De Beauvoir had no issues working at different locations at different time schedules, but Marquez could only work at a fixed schedule and in an atmosphere of known ambience. “I can’t write in hotel rooms or on borrowed typewriters … and the subject has to be of my own choice for there is nothing worse than having to write what you don’t want to.”
Italo Calvino, Italian writer and journalist, probably best summed up the eccentricity of the creative, narrating the fable of a Chinese artist who was commissioned by the emperor to paint a crab for his palace. The artist said he needed a palatial home, a mighty force of domestic servants and 10 years to do justice to the job. It was all provided immediately, but at the end of the decade, the artist said he wanted a couple of more years, and then an extra week. At the last moment, he picked up his brush and the palette, and within no time there appeared a crab on the canvas that the emperor found worth waiting for all those years.
The writers featured in the three volumes have their own individualities seeping through their articulations, but there is one running thread common among almost all — humility.
But the humility seen across the pages of the three volumes has nothing to do with fake modesty. Laced with an acute sense of self-respect and a wonderful sense of self-deprecating humour, it is of the most genuine and sincere variety. The manner in which the Nobel Prize has been downplayed, especially by the winners, is one such example. And some of the statements related to fame are downright hilarious.
The case of Italian novelist Elena Ferrante is arguably the most notable as far as aversion to fame is concerned. She has nine books to her credit since 1992, countless translations, two film scripts, and a horde of literary awards, but she remains unknown behind her pseudonym. In fact, her gender is no more than a calculated guess.
Interesting though it sounds, this aversion to fame and acknowledgement leads to some vital questions. Why do people write? What is the whole point of it? Do they want to create a better world?
Saramago leads the way among those who deny having any larger purpose to their writing. “I am a novelist. I write what I see around me. To change it is not my cup of tea. I can’t change it. I don’t even know how to change it.
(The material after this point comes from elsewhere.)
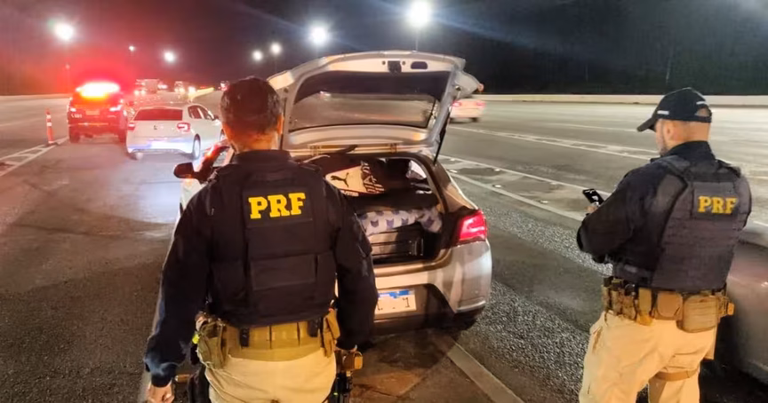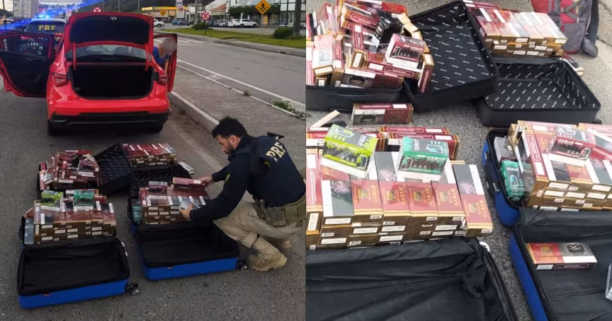 Cigarros contrabandeados do Paraguai são apreendidos em carro de aplicativo na BR-101, em Itapema 21/10/2024 • Thiago Facchini

I can only talk about things that I want the world to have.”
Even Julio Cortázar, who was an Argentinian refugee in Paris and used his pen and his creativity on the basis of a politicised agenda, was not too keen on continuing with what he was doing. “If things could somehow change, I want to rest a little and then write the stories and the poems that I have always wanted to write; purely literary in nature, free of any agenda,” he said in the interview done back in 1984.
The last word on the matter shall fittingly go to his compatriot Borges. “I write not because I find my output particularly good, but simply because I can’t breathe without writing.” That’s a reason good enough.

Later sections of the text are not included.